The choice of strategy and channel occurs only after you have decided which segment you target within the market you operate in and what your brand's position is against the target segment. An honest marketer will first find out what the situation is in a given market/category and if the skeleton is hidden in the supply-side closet. Subsequently, through research, the marketer identifies how a company or brand stands within a given category; prepares a marketing strategy in which he/she decides on what segment will he/she target and how the brand stands against the selected segment. Finally, he/she quantifies marketing goals, an example of a nicely set goal is to increase Brand preferences by 15% in the biomother segment by Q3 2020 and to match it with an estimated increment in sales. Ultimately, the time comes to decide whether and what ad platforms on Google or Facebook will you use.
Jumping on all the new and sparkly is exactly what advertising, in the newspeak parlance “technology”, giants want from the advertisers, but it often has nothing to do with what companies/brands really need.
The strategy, as a result, should be quite simply explainable for non-marketers. However, this does not change the need to make considerable efforts in its creation. The effectiveness of marketing communication, unfortunately, is dropping steadily and dividing communication on digital and non-digital contributes to this. As evidenced by the annual Effie show, the most successful campaigns are those integrated ones, which are based on a marketing strategy.
#Ads
Communication is just one of the components of marketing, and very often the least important one. If you have a quality product, the customer has no problem to get it, and at a price corresponding to quality, quite possibly with no communication bypass. Sure, with good advertising, it will go faster and you will outperform the business plan, but if communication is to compensate for the non-competitive component of the product/price/distribution, you'd better sharpen up. Someone who identifies themselves as a marketing specialist should be able to alert you to any shortcomings and work with them. However, it often happens that when you show your problem to a digital specialist, they suggest you campaigns in Google Ads. If you show the same thing to a social media specialist, they suggest addressing it via Facebook.
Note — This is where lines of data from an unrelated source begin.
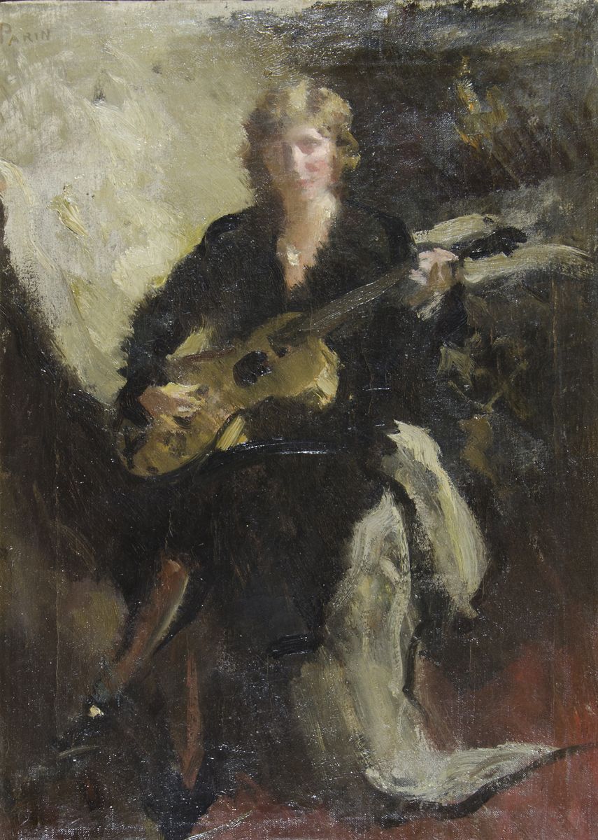 Gino Parin Trieste 1876 Dachau 1944 "Donna con chitarra" cm. 70x50 - olio su...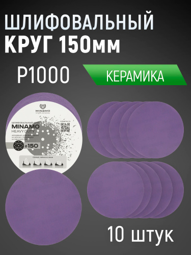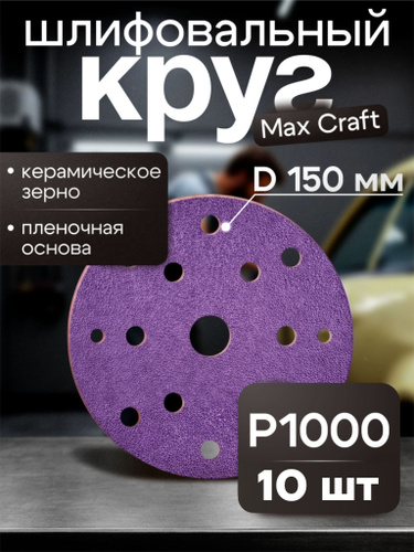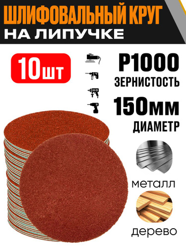 Круг шлифовальный 150 мм Р1000 10 шт диск на липучке без отверстий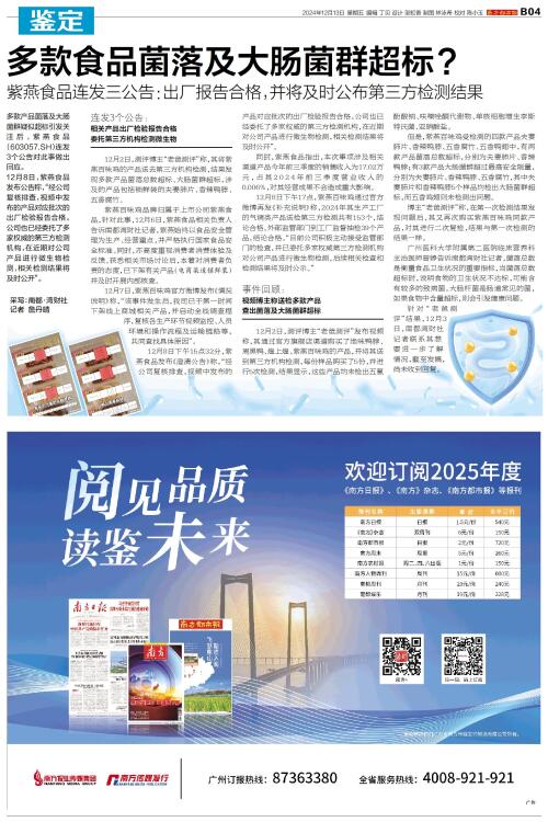多款产品菌落及大肠菌群疑似超标引发关注后,紫燕食品(603057.SH)连发3个公告对此事做出回应。 12月8日,紫燕食品发布公告称,“经公司复核排查,视频中发布的产品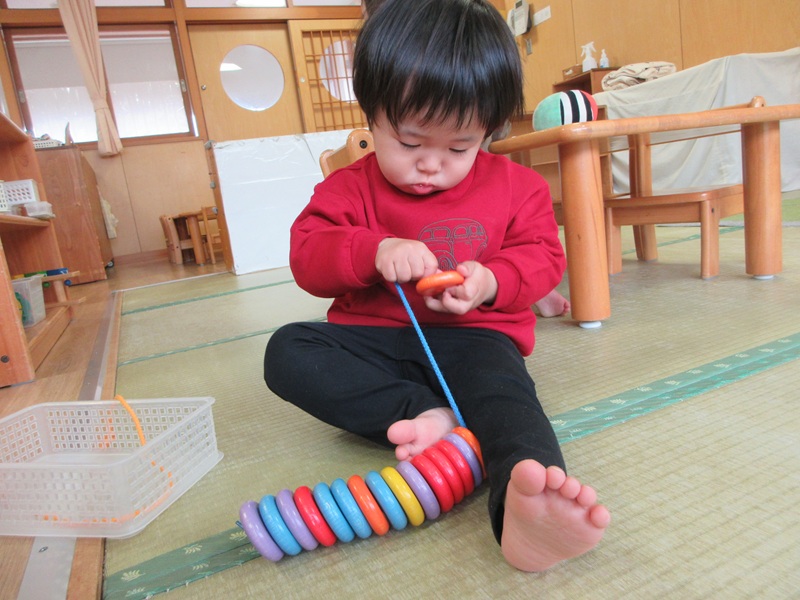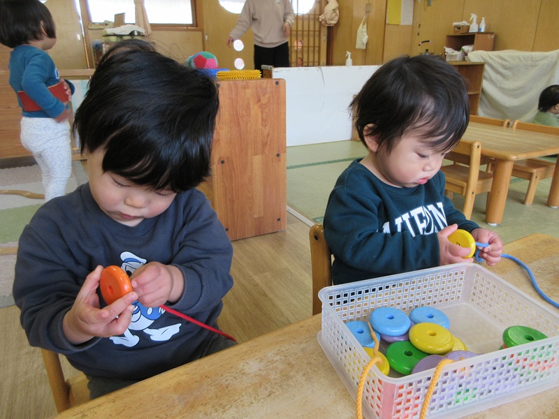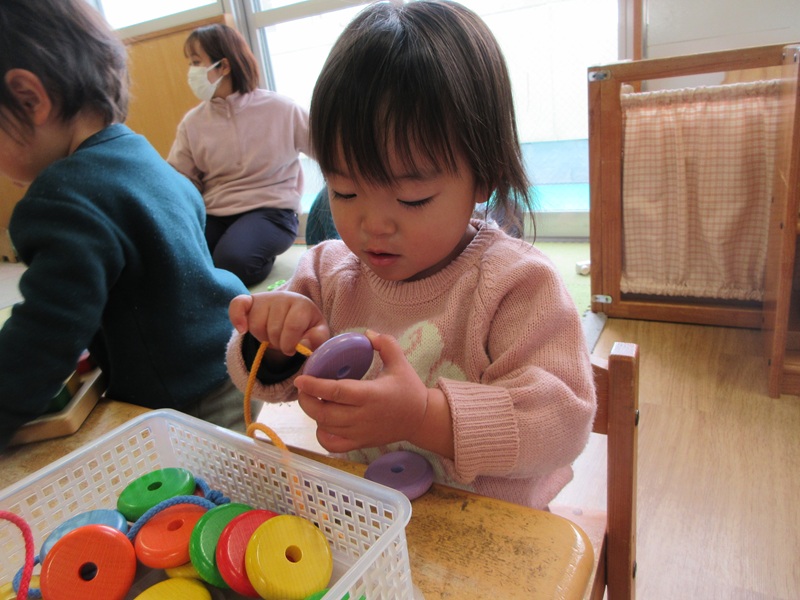 - 新しくひも通しを出し、保育士と一緒にするととても真剣な表情で遊んでいました。穴にひもを通すことは難しいですが、通すことができると「できた!!」と嬉しそうに見せてくれます。たくさんのビーズを通す姿も少しずつ見られています。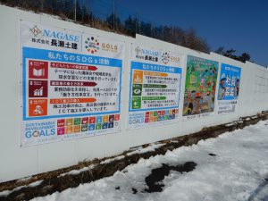 高山市久々野地内 西洞の国道沿いの塀にSDGsの取り組みについて紹介させて頂きました。通行する際には是非ご覧ください。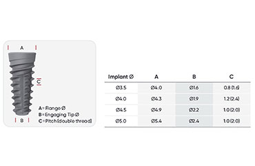 İmplantlar hızlı bir yerleştirme için "çift yivli" dir ve düşük kaliteli kemikte ek stabilite elde etmek için tasarlanmıştır.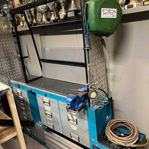 Godt brukt Sortimo innredning av murer,kan sikkert vaskes litt. Skufferekke og kort hylle er b70xh110 lange hyller er b120xh110 . Stige holder 180L kan selges separat 3000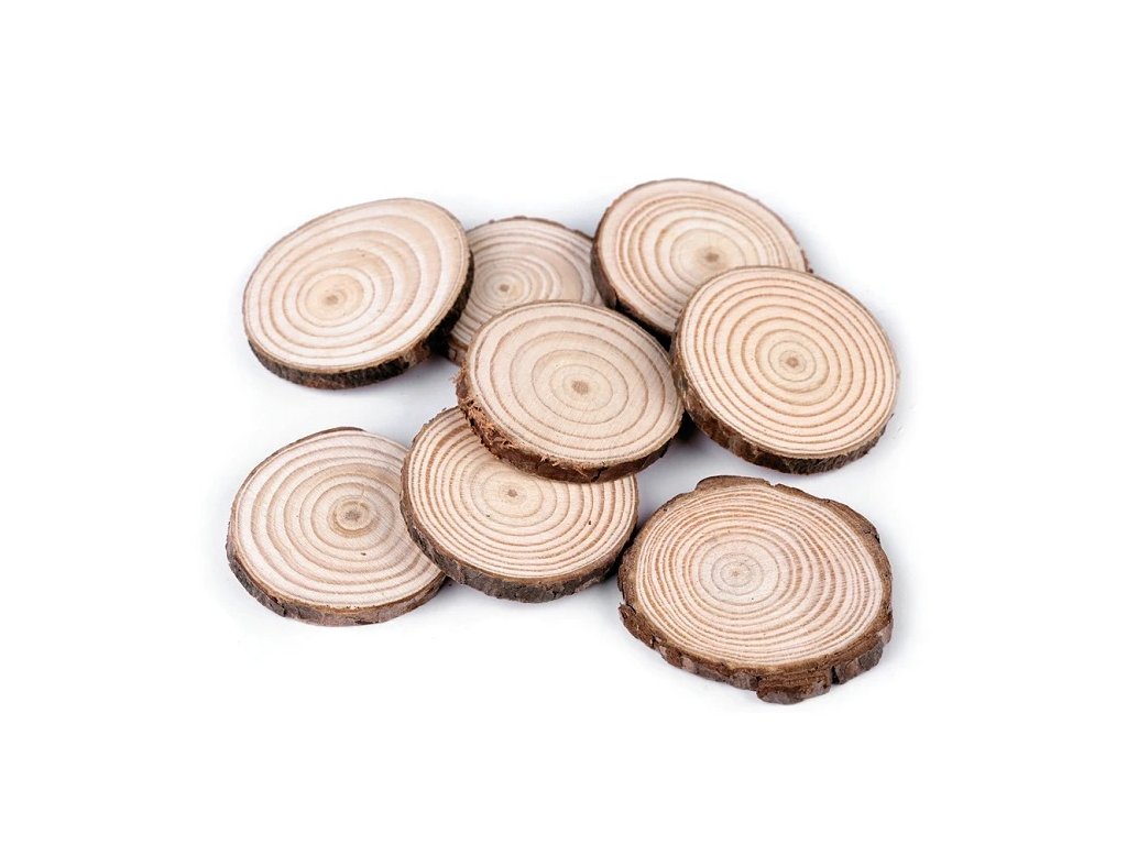 Přírodní dřevěná kolečka se skvěle hodí k dalšímu dotvoření. Každé kolečko je originál – liší se barvou, kresbou dřeva, velikostí i tloušťkou. Kolečka jsou rovná, po obvodu mají kůru a nejsou nijak barvená ani lakovaná.

Usually, everyone considers themselves a marketing specialist, but not one usually understands anything beyond the servicing of their learned advertising platform. Communication will not save you and if product, price or distribution are getting jammed, the last thing the company needs is communication. Too much attention is being paid to debate over formats and channels. If someone describes themselves as a strategist and with a proud pre-label Digital, Social Media, SEO or PPC, there is no solution to the problem in sight.
So should companies ignore digital advertising? Sometimes yes, sometimes no. It depends on a lot of things that digital specialists don't know they don't know. In presentations from Facebook and Google, they simply don't know much else, and it's often their only marketing awareness. If business doesn't go as planned, communication and digital advertising may not help.
#Lovebrand
Customers do not have an emotional relationship with brands and do not create romantic ideas about them. The vast majority of consumers don't care about brands, and if a majority ceased to exist over night, only 19% of consumers would mind.
Even those brands that are considered to be lovebrands, tend to have a low proportion of their sales generated by the most loyal group of customers. Byron Sharp reports that for the Harley Davidson brand it is less than 10%. The level of loyalty to the brand is then much more significantly linked to market penetration, the larger the market share, the greater the loyalty to the brand. The emotional attachment to the brand didn't change much about the results. The excess of communication activity towards heavy buyers and the neglect of communication towards non-customers then leads to a falling market share.
A classic example of an inappropriate approach to targeting is reaching out to fans on your Facebook page for engagement, which has been refuted many times by Facebook itself.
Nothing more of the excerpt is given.